Nineteen months later, on January 27, 1967, Edward H. White II was killed -- along with astronauts Virgil "Gus" Grissom and Roger B. Chaffee -- when a fire broke out in the command capsule during a pre-launch test of Apollo 1 at Cape Kennedy. McDivitt would go on to command Apollo 9 in March, 1969, representing the first manned flight of all Apollo lunar hardware in Earth orbit as well as the first manned flight of the lunar module.
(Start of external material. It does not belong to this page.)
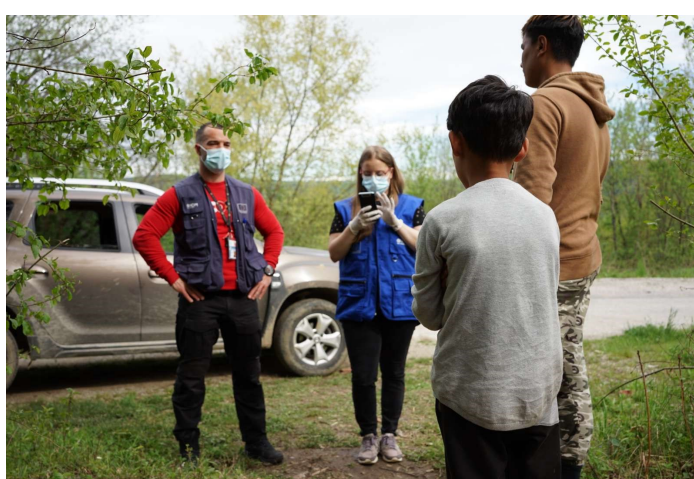
Displacement Tracking Matrix exercise

06:09:12 -- PICTURES OF THE WEEK: From 1957, Project RED SOCKS was to be "the world's first useful moon rocket," proposed by the Jet Propulsion Laboratory/California Institute of Technology in October 1957. These artist's renditions show the configuration of motors and a diagram of the moon orbit.
RED SOCKS was to respond to the Sputnik launch challenge with a significant technological advance over the Soviet Union instead of merely matching them with another earth-orbiting satellite. The objectives of the project were to: 1) get photos, 2) refine space guidance techniques, and 3) "impress the world" with a series of nine rocket flights to the moon. The second of the nine flights was to take pictures of the back of the moon. The necessary technology had already been developed for earlier projects, such as the Re-entry Test Vehicle and the Microlock radio ground tracking system. Project RED SOCKS received no support in Washington. In December 1957, JPL and the Army Ballistic Missile Agency (ABMA) were instead asked to orbit an Earth satellite. Explorer 1 was launched 81 days later, on January 29, 1958. A modified RED SOCKS plan was carried out in the Pioneer 4 project in March 1959.
06:16:12 -- PICTURE OF THE WEEK: From 1959. An early space station concept drawing. The station was designed as a laboratory to study the physical and behavioral effects of prolonged space flight, and could have possibly been crewed by 50 people. This particular image appeared in the 1959 Space The New Frontier brochure produced by NASA.